[Task brief]
Each line from the one containing "- 【特】折りたたみテーブル ロールトップテーブル" through the end of the entries below should be transcribed exactly, and no other line.

[Dataset items]
※ ※ ※

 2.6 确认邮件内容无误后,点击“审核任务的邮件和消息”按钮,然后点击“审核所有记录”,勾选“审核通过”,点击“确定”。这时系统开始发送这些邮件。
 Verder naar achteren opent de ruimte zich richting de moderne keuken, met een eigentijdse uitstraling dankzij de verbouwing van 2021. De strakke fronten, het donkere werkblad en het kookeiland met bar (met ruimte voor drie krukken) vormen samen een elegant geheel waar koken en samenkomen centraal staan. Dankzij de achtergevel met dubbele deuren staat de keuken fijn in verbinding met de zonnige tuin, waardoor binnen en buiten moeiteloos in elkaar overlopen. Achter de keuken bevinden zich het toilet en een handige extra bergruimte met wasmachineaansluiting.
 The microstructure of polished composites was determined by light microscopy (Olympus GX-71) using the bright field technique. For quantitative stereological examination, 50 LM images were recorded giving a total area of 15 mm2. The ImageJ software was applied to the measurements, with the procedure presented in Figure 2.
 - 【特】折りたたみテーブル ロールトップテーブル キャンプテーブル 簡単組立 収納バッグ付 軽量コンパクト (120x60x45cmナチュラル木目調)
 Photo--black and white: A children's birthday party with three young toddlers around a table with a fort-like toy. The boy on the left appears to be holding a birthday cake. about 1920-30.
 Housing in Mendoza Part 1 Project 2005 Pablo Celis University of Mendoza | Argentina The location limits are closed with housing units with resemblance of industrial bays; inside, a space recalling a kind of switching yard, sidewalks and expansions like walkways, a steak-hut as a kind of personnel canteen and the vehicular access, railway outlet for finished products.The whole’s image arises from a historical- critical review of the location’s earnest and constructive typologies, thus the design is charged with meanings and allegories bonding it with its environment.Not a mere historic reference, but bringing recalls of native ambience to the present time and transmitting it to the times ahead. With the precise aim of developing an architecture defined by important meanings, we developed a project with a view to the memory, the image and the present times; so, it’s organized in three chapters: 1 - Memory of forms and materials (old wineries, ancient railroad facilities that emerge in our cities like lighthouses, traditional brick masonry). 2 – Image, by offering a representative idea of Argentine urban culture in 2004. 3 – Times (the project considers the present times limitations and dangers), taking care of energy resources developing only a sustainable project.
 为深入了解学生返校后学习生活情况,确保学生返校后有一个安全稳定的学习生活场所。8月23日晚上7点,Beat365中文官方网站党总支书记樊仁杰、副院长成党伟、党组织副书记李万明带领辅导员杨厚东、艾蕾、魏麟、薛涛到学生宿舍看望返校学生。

※ ※ ※

[Exercise output]
 - 【特】折りたたみテーブル ロールトップテーブル キャンプテーブル 簡単組立 収納バッグ付 軽量コンパクト (120x60x45cmナチュラル木目調)
 Photo--black and white: A children's birthday party with three young toddlers around a table with a fort-like toy. The boy on the left appears to be holding a birthday cake. about 1920-30.
 Housing in Mendoza Part 1 Project 2005 Pablo Celis University of Mendoza | Argentina The location limits are closed with housing units with resemblance of industrial bays; inside, a space recalling a kind of switching yard, sidewalks and expansions like walkways, a steak-hut as a kind of personnel canteen and the vehicular access, railway outlet for finished products.The whole’s image arises from a historical- critical review of the location’s earnest and constructive typologies, thus the design is charged with meanings and allegories bonding it with its environment.Not a mere historic reference, but bringing recalls of native ambience to the present time and transmitting it to the times ahead. With the precise aim of developing an architecture defined by important meanings, we developed a project with a view to the memory, the image and the present times; so, it’s organized in three chapters: 1 - Memory of forms and materials (old wineries, ancient railroad facilities that emerge in our cities like lighthouses, traditional brick masonry). 2 – Image, by offering a representative idea of Argentine urban culture in 2004. 3 – Times (the project considers the present times limitations and dangers), taking care of energy resources developing only a sustainable project.
 为深入了解学生返校后学习生活情况,确保学生返校后有一个安全稳定的学习生活场所。8月23日晚上7点,Beat365中文官方网站党总支书记樊仁杰、副院长成党伟、党组织副书记李万明带领辅导员杨厚东、艾蕾、魏麟、薛涛到学生宿舍看望返校学生。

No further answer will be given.